Dalam proses pengawetan misalnya, daging olahan kerap ditambahkan kandungan nitrat dan nitrit, yang dapat membuat daging awet lebih lama, dan itu berkontribusi pada risiko kanker.
Alasan lainnya adalah pada saat daging diolah pada suhu tinggi. Proses pemasakan tersebut dapat membentuk karsinogen tambahan.
Ini memungkinkan daging bersentuhan langsung dengan suhu tinggi untuk mengurangi kadar air agar daging bisa bertahan lama.
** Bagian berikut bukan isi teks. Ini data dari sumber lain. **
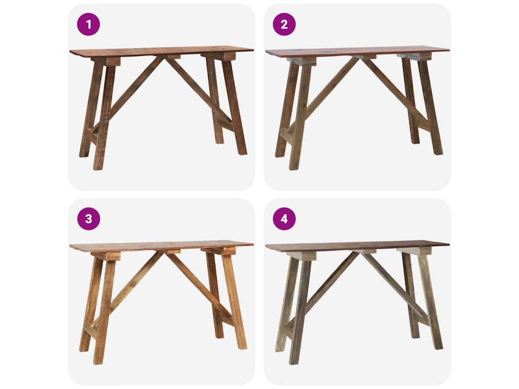 Důležité upozornění: Kresba a odstíny dřeva se mohou lišit kus od kusu, a proto je každý z našich konzolových stolků zcela jedinečný. Výběr kusu k dodání je náhodný, což zajišťuje exkluzivitu a individualitu vašeho produktu.
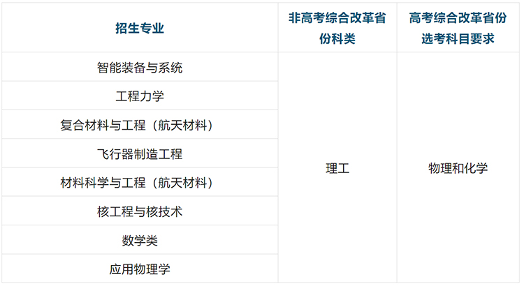 【复合材料与工程(航天材料)】专业,依托航天学院培养。培养信念执着、德才兼备、知识丰富、本领过硬,具有深厚的数理基础和材料科学与工程基础专业知识,具备在航天材料领域研究开发和创新实践的能力,兼具科学精神、领导能力和终身学习能力,能够引领未来航天材料科学与工程及相关领域发展的拔尖创新人才。
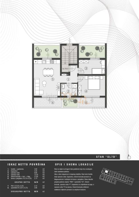 Stan se sastoji od hodnika, dvije spavaće sobe, dnevnog boravka povezanog sa blagovaonicom i kuhinjom, kupatila te terase sa pergolom.
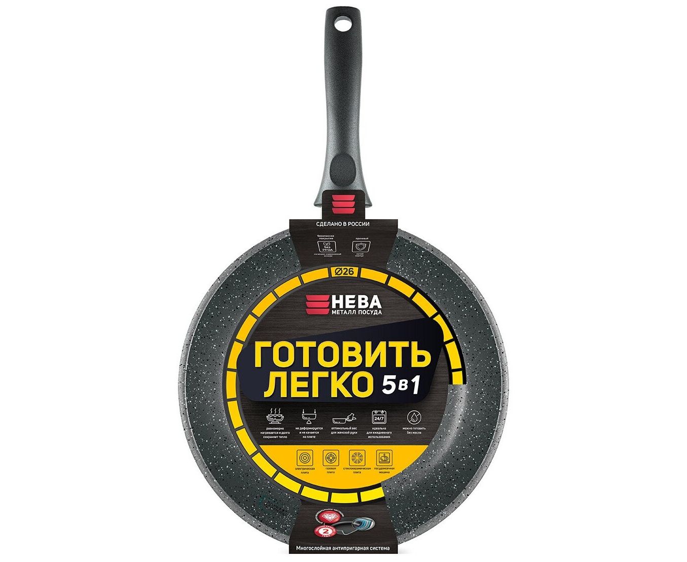 Сковорода Нева Металл Посуда GL4126 26 Готовить легко Stone Gray н/р
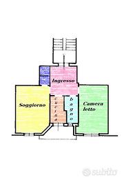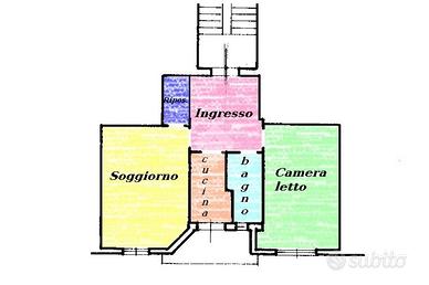 La disposizione degli spazi include un ingresso, un ampio soggiorno, un cucinino, una camera da letto, un ripostiglio e un bagno.
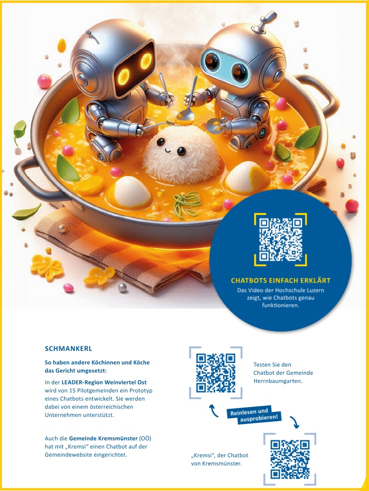 Das Land Niederösterreich hat ein Rezeptbuch für Gemeinden herausgegeben, wie man die digitale Veränderung zum größtmöglichen Nutzen für die Menschen und unter den Vorzeichen höchster Effizienz und Vereinfachung für die Mitarbeiter schafft. Hier gibts Rezept 7: Gemeindemitarbeiter entlasten und den Bürgern auch an Feiertagen viel Gemeindeservice bieten. Das können die kleinen intelligenten und gut programmierten Chatbots!
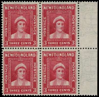 1941-4 Second Resources 3ct carmine perf 12½ right-marginal block of four, unmounted o.g., printed double, one albino. Light natural gum bends. SG 278 var
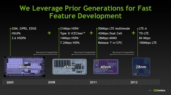 Icera基带更偏向软件这一侧,外置收发器处理向下转换之后就是完全软件的了。这样如何保证竞争力?秘密就在工艺上,NVIDIA选择了侧重性能的28nm HPM,而不是注重功耗的LP、HPL版本:使用高性能工艺,关闭不用的模块,而不是做一个更大、漏电率更低的SoC。NVIDIA宣称,这样可以让i500的面积比高通的MDM9x15小大约40%。
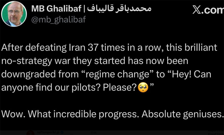 «Αφού νίκησαν το Ιράν 37 συνεχόμενες φορές, αυτός ο λαμπρός πόλεμος χωρίς στρατηγική που ξεκίνησαν έχει πλέον υποβαθμιστεί από «αλλαγή καθεστώτος» σε «Γεια σας! Μπορεί κανείς να βρει τους πιλότους μας; Παρακαλώ», αναφέρει στην ανάρτηση.
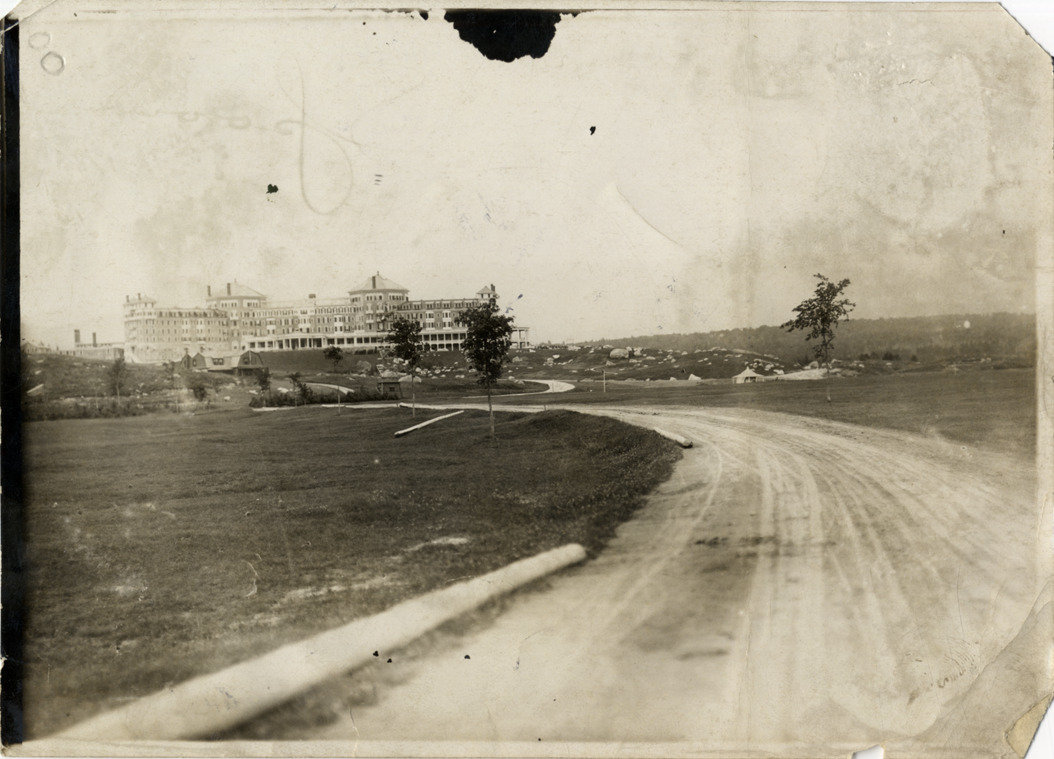 Distant view of the Mount Washington Hotel at Bretton Woods, New Hampshire during the Climb to the Clouds Hill Climb, 1904 White Mountains tour. The events included an endurance run in the White Mountains and the Climb to the Clouds Hill Climb on Mount Washington. Handwritten on back: "Hill climbs, Climb to the Clouds, 1904. Mount Washington Hotel, Bretton Woods, N.H. Spooner, Mt. Washington Hotel. Part of the White Mountains tour, 1904."
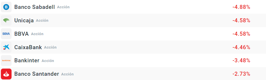La banca española cae con fuerza en la sesión de hoy y arrastra al selectivo español al completo. Son varios los motivos que parecen influir en la caída y los inversores están tomando beneficios ante los varios frentes que tienen abiertos.

Proses pemasakan tersebut di antaranya pengasapan, pemanggangan hingga digoreng dan memicu reaksi makanan untuk membentuk karsinogen tambahan.
Dr. Vijaya Surampudi, asisten profesor kedokteran di UCLA Center for Human Nutrition mengatakan, daging olahan dapat meningkatkan peradangan di dalam tubuh.
Pasalnya, senyawa karsinogen dan kandungan lain dapat mengubah mikrobioma di usus.
"Bakteri usus berinteraksi dengan sistem kekebalan tubuh yang menyebabkan peradangan kronis," katanya.
Dampak tersebut juga berkaitan dengan tekanan darah, gula darah, kolesterol dan penyakit kronis lainnya.
Dr. Hu menyebutkan bahwa kebanyakan daging olahan mengandung sodium atau garam yang tinggi.
Jika dikonsumsi secara berlebihan, tentu dapat meningkatkan risiko hipertensi dan penyakit kardiovaskular.
Kandungan tinggi garam tersebut juga berisiko dalam meningkatkan risiko penyakit diabetes tipe 2 dan demensia.
Dalam sebuah studi yang dilakukan pada tahun 2021 di Inggris, setiap tambahan 25 gran daging olahan dalam makanan sehari-hari, risiko demensia meningkat 44 persen.
Begitu pula pada risiko alzheimer yang meningkat 52 persen jika terlalu sering mengonsumsi daging olahan.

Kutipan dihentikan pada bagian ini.